=== Work to complete ===
Using the data below, print exactly the line with "به گزارش خبرنگار", the line with "This Concept Map, created", and every line between them, but none of the pictures.

=== Source information ===

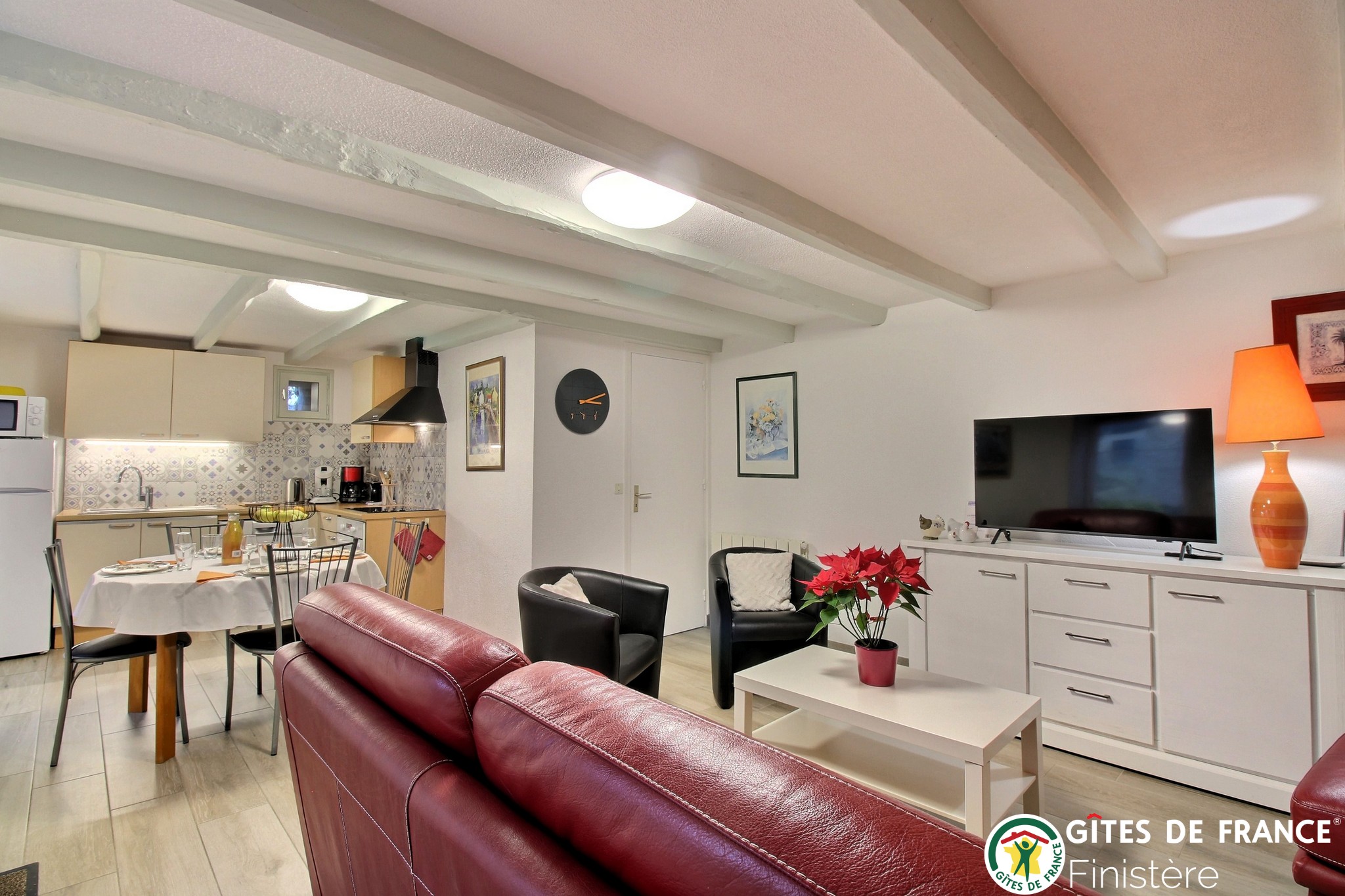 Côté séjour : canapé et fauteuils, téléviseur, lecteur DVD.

--

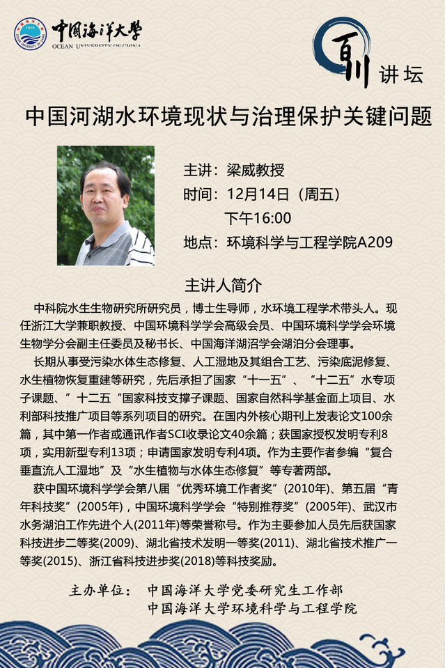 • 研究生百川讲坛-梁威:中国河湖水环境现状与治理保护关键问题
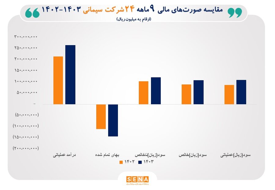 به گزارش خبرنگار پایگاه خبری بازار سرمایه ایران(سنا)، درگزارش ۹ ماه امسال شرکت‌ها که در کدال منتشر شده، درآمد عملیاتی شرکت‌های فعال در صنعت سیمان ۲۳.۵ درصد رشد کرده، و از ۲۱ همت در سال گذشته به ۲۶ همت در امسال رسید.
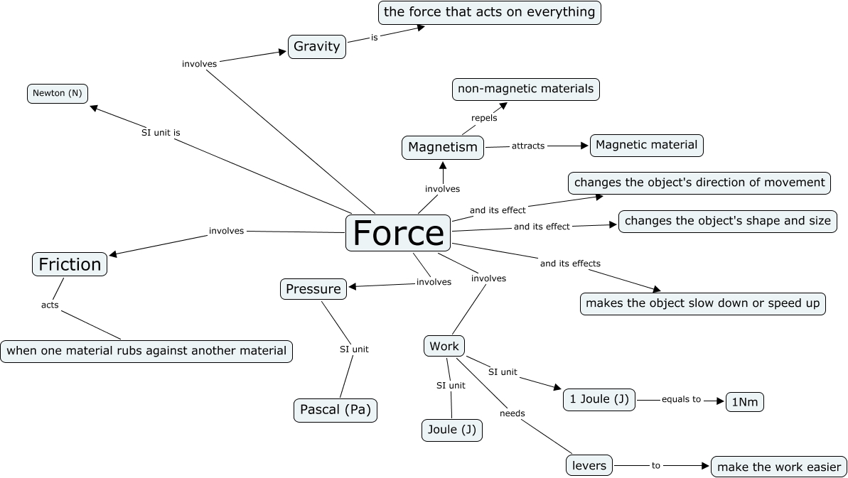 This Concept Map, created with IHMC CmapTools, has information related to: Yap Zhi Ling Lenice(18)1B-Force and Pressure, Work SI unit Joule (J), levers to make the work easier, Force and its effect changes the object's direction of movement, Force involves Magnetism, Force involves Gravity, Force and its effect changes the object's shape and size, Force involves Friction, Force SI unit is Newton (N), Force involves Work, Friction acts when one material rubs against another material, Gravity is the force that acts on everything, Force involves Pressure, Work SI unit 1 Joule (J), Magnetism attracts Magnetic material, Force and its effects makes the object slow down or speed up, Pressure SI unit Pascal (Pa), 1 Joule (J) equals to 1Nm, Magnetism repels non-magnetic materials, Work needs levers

* * *

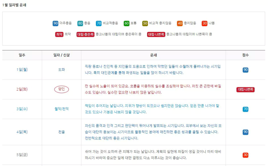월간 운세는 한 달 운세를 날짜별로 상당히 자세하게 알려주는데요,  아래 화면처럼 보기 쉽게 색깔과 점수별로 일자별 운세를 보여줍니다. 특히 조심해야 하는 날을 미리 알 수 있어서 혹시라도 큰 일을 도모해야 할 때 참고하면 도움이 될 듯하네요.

=== Result of the task ===
 به گزارش خبرنگار پایگاه خبری بازار سرمایه ایران(سنا)، درگزارش ۹ ماه امسال شرکت‌ها که در کدال منتشر شده، درآمد عملیاتی شرکت‌های فعال در صنعت سیمان ۲۳.۵ درصد رشد کرده، و از ۲۱ همت در سال گذشته به ۲۶ همت در امسال رسید.
 This Concept Map, created with IHMC CmapTools, has information related to: Yap Zhi Ling Lenice(18)1B-Force and Pressure, Work SI unit Joule (J), levers to make the work easier, Force and its effect changes the object's direction of movement, Force involves Magnetism, Force involves Gravity, Force and its effect changes the object's shape and size, Force involves Friction, Force SI unit is Newton (N), Force involves Work, Friction acts when one material rubs against another material, Gravity is the force that acts on everything, Force involves Pressure, Work SI unit 1 Joule (J), Magnetism attracts Magnetic material, Force and its effects makes the object slow down or speed up, Pressure SI unit Pascal (Pa), 1 Joule (J) equals to 1Nm, Magnetism repels non-magnetic materials, Work needs levers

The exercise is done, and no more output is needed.